However, it does bring up some interesting questions.

The researcher said she “did everything I knew to do, but I did not know how to secure a machine.” I am sure that is so, but if she is collecting this data she should know that she is taking responsibility for it and if she doesn’t know how to “secure a machine”, why did she put it on a machine connected to the Internet?

The report partially addresses the issue of her not knowing how to secure a server by saying that the researcher hires a “university software programmer” to maintain the server but that person wasn’t certified. Personally, I don’t think certification means much so I wouldn’t fault the researcher for hiring someone without certification. That said, the fact that the person was a programmer does not necessarily mean they know about securing a server. I know some programmers that are great sysadmins and I know some that couldn’t administer a system to save their life. Without knowing the person’s background it is hard to say if the person was or was not qualified. Honestly, I think there is probably more to this part of the story.

The defenders in the article point to “systemic institutional failure” but that is a dangerous slippery slope. The only thing coming close to systematical failure I can see might be the “system” allowing researchers and research labs to run their own servers or possibly approving the collection of the data in the first place. Do these supporters really want central IT controlling and locking down everything and/or approving what type of research data they can gather? I doubt it. However, with this freedom comes responsibility and accountability.

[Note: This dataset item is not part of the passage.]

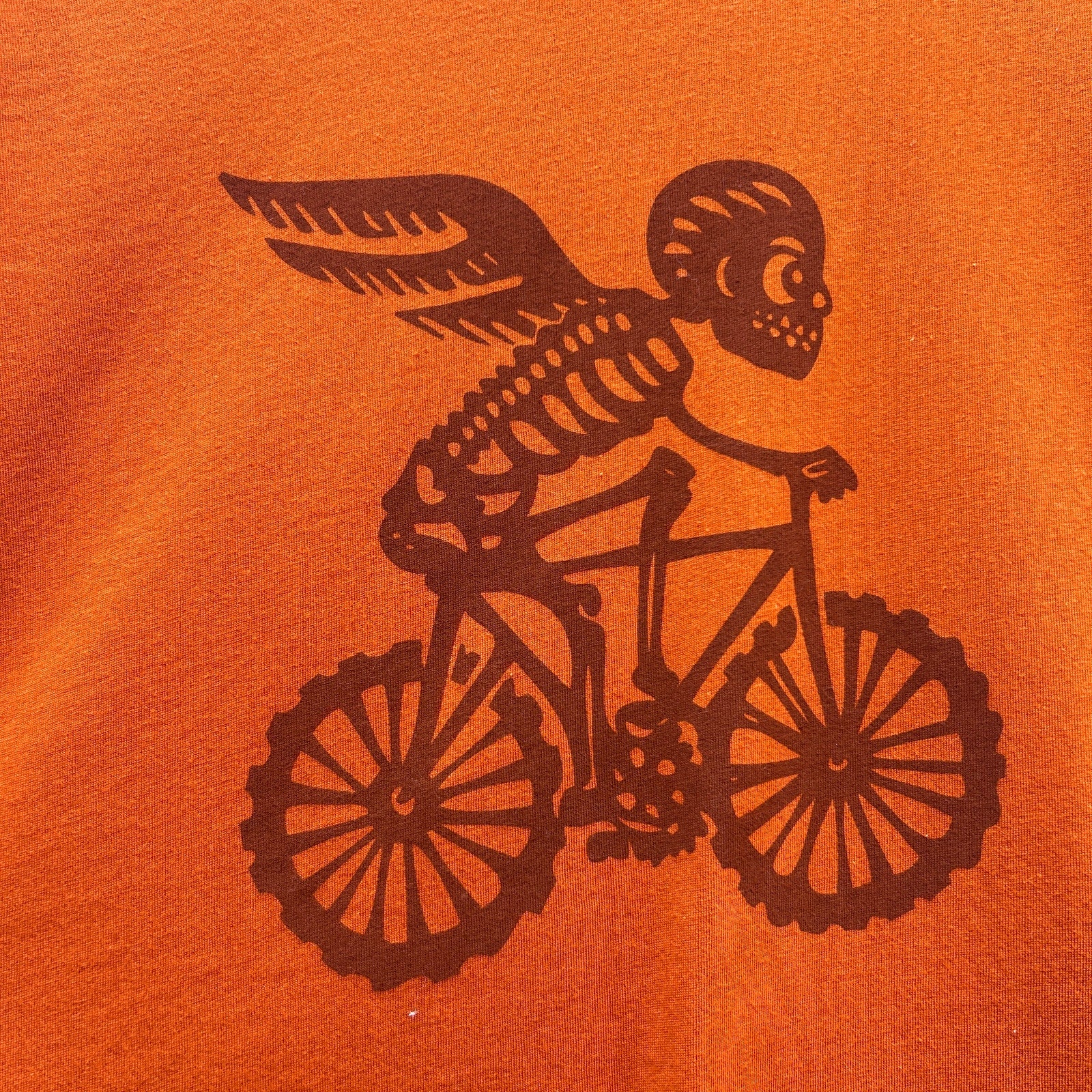 fun angel skeleton cyclist graphic on quality orange cotton / NEW

This is not “Systematic Failure.” Assuming the server wasn’t properly secured there was a failure, but it was not “systematic” (if the server was properly secured, which sounds unlikely reading this article, then there was no human “failure” but either a technical one or “just” a crime).

The article points out that the researcher constantly gave the person she hired an “excellent” rating a systems administrator (although by her own acknowledgement that she does not know how to secure a server, I am not sure how she could evaluate that – or for that matter what that means in UNC’s context). One thing that any manager needs to take into consideration when evaluating a person is that those evaluations may mean something down the road. The article makes no such mention of what happened to the programmer.

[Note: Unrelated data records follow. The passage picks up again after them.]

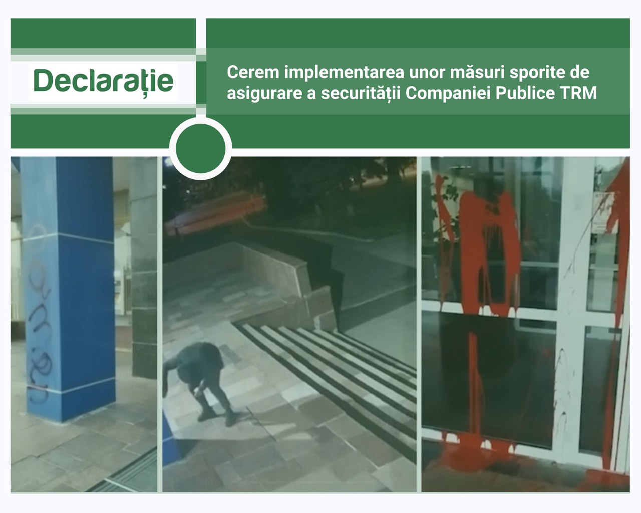 Amintim că, în noaptea de 27 iulie, sediul Companiei „Teleradio-Moldova” a fost din nou vandalizat. Persoane necunoscute au stropit cu vopsea roșie și neagră coloanele și geamurile Casei Radio, sediul administrativ al instituției. Conducerea companiei condamnă actul de vandalism și califică această acțiune drept o tentativă de intimidare a jurnaliștilor de la posturile publice de radio și televiziune.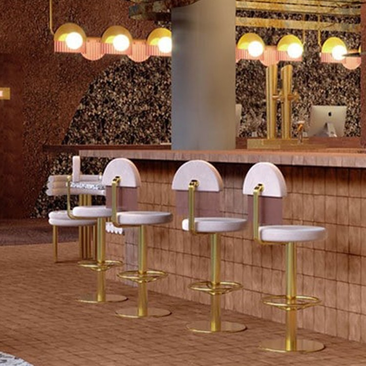 这款现代的中世纪酒吧凳是一件富有挑战性但又不失友好的作品,同时也是时尚的象征。这是一个精致的结合与粉色的漆抛光黄铜结构基础和高质量的羊皮内饰。这是完美的时尚装饰之外,提供一种真实性和安慰。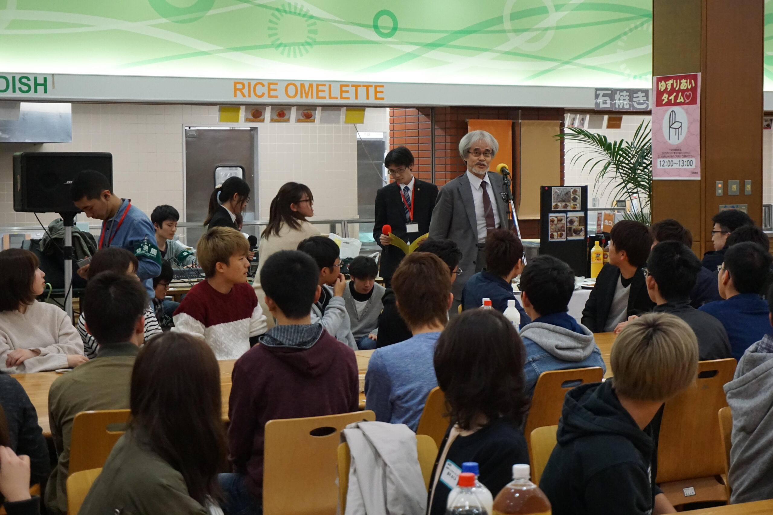 「ふるさとタイム」は、新入生のほか、在学生や教職員等も参加し、入学後の大学生活を順調に進められるよう、学生同士、あるいは学生と教職員との繋がりを広げる機会として提供しており、今年で11回目を迎える。

The comments to the article are quite interesting. There are a number of responses on both sides. One of the most pertinent comments is by someone posting as Lala. Lala rote:

Granted that UNC overreacted — dismissal is a bit too much in this case — but why would anyone put Social Security numbers in a dataset that is stored online? This is Data Security 101 stuff. The researcher certainly wasn’t qualified to judge the security of the system’s firewalls but she certainly was aware that she was storing easily-identifiable data in a potentially risky location.

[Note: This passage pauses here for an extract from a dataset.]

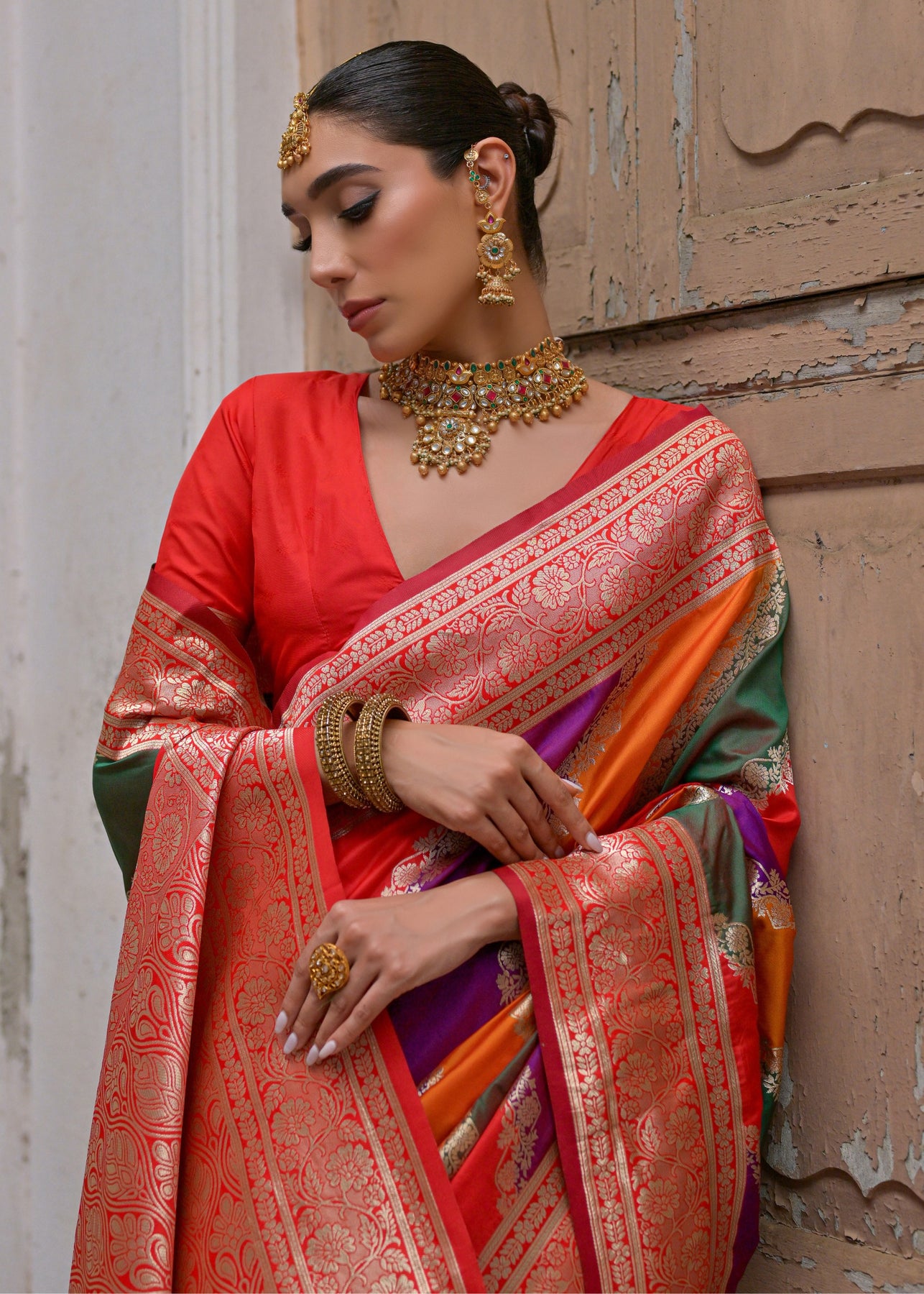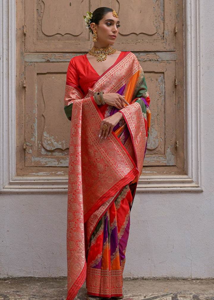 Red Leriya Zari Woven Saree With Contrast Pallu

I think this is a very good question. Unless you are absolutely sure you are doing everything you can to protect the data (which the researcher apparently wasn’t based on her own admission she didn’t know about computer security and the faculty review boards conclusion) it seems like a very risky proposition to even collect the data in the first place, let alone put it on the Internet. Unfortunately Social Security Numbers have been used as a unique identifier for years, but I know many institutions (and specifically many libraries) have gone to great lengths to not have that information any more. Without being knowledgeable about thus particular research I can’t say why the researcher needed the SSN or if she considered using some other identifier. This is really what I think is the crux of the matter. Even well-secured servers can be hacked (ask Google , the United Sates Department of Defense, or Iran. The best way to make sure that private data such as Social Security Numbers aren’t hacked is to not have them in the first place.